In a hot strip rolling mill or heavy plate rolling mill, steel is rolled. Material properties of the steel are substantially set in a downstream cooling section. For this purpose, a coolant is applied to the steel as the latter passes through the cooling section. This sets the temporal cooling profile of the steel passing through the cooling section. The material properties are also set on account of the temporal profile of the cooling operation.
The cooling profile is generally determined by a temporal temperature profile. Earlier strategies prescribe a distribution of the coolant quantity according to a predefined cooling strategy and a coiling temperature or final cooling temperature (i.e. the temperature of the rolling stock when the latter runs out of the cooling section). In the case of standard steels, this procedure is without problems. However, problems do arise in the case of steels with a high carbon content. This is because the stipulation of a temperature profile is unfavorable owing to the heat of transition which arises during the phase transition from austenite to ferrite and cementite. In many cases, it is even the case that only a final temperature to be reached is predefined in conjunction with a predefined cooling strategy. This type of stipulation can even be ambiguous, i.e. there is more than one solution for the water quantity with which the coiling temperature or the final cooling temperature is reached with a given cooling strategy. The material properties of the steels cooled differently in this way differ entirely, however.
In the case of steels with a high carbon content, fully automated operation is therefore not possible in the prior art. There are difficulties which arise repeatedly in practice when attempting to cool steels with a high carbon content in a fully automated manner. Material which does not have the desired material properties is repeatedly produced. These materials have to be remelted.

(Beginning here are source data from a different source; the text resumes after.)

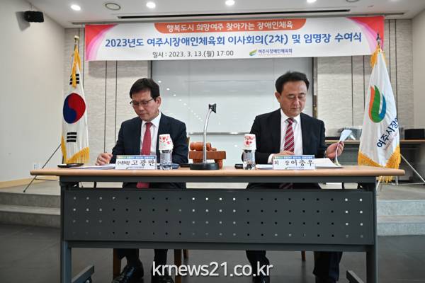 ▲ 여주시장애인체육회, 2023년도 제2차 이사회의 개최여주시장애인체육회(회장 이충우)는 지난 13일 여주축협 하나로마트 2층 회의실에서 고광만 수석부회장 등 임원 50여 명이 참석한 가운에 2023년도 제2차 이사회의를 가졌다.
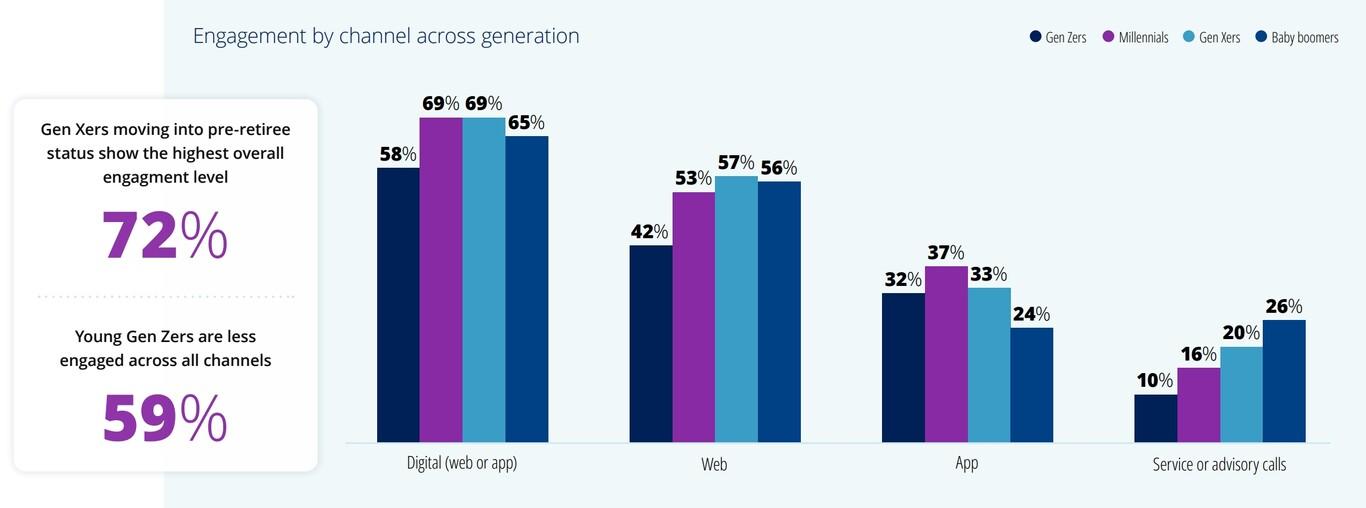 Gen X leads in overall engagement (72%), while digital-native Millennials make the most use of mobile apps. Boomers prefer phone calls, but log in more frequently for digital sessions once online.
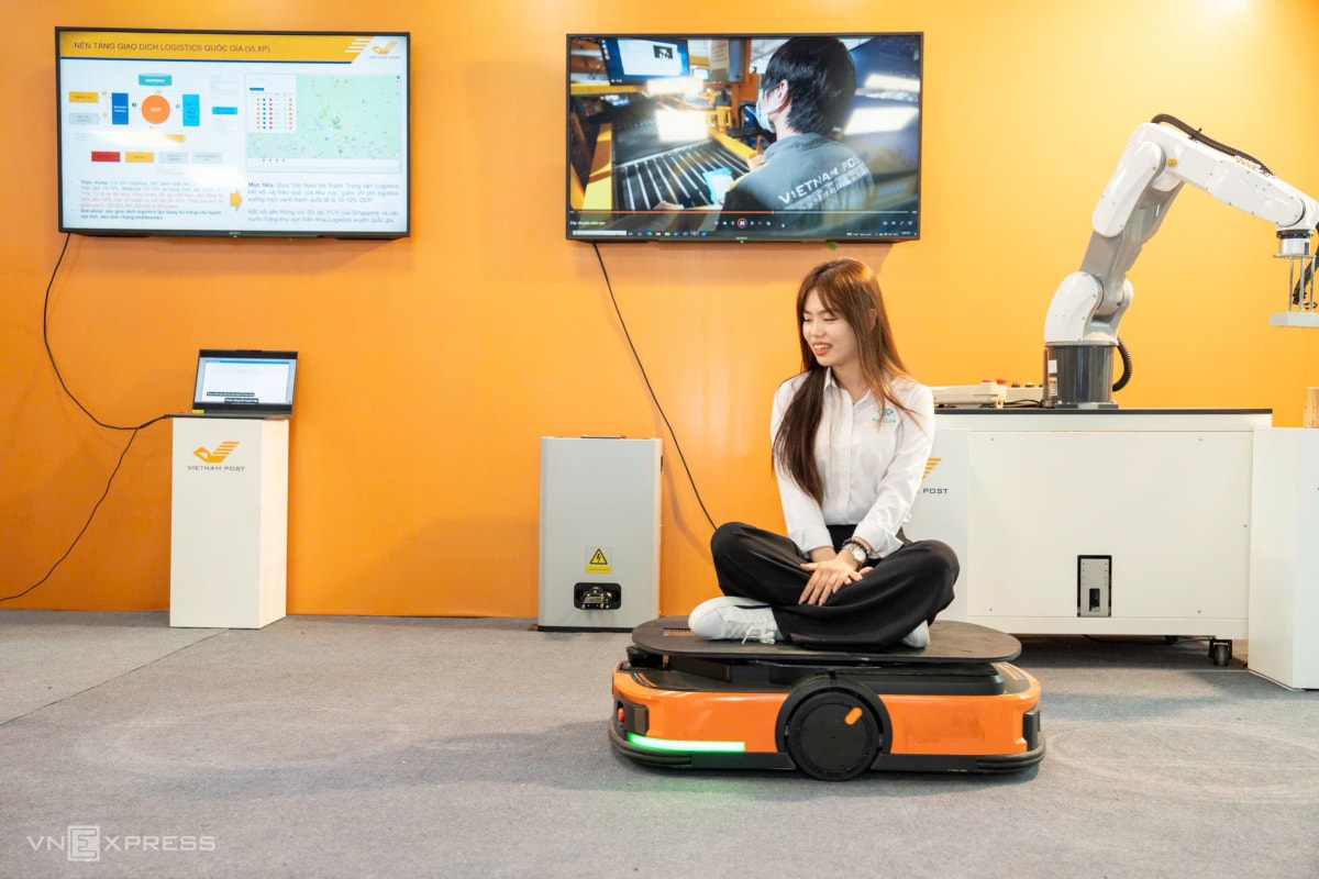 Tại gian hàng của Bưu điện Việt Nam, một số loại robot được dùng trong các kho hàng cũng được mang tới trình diễn. Trong hình là robot vận chuyển, cùng một cánh tay robot với độ chính xác cao, có khả năng vận chuyển, sắp xếp, phân loại hàng hóa trong kho.

In practice, attempts are made to overcome the problems by trying to avoid such materials and stipulations. This reduces the producible spectrum of materials.
EP 1 732 716 B1 discloses an operating method for a cooling section for cooling a rolling stock, in which method the temperature of the rolling stock is detected on the input side of the cooling section. A quantitative coolant profile is determined, such that a rolling stock section, at a predefined point of the cooling section, is at a predetermined temperature and has at least one predetermined phase proportion (for example of austenite).
The above methods ultimately described already represent an improvement to the remaining prior art. However, they still do not work completely satisfactorily.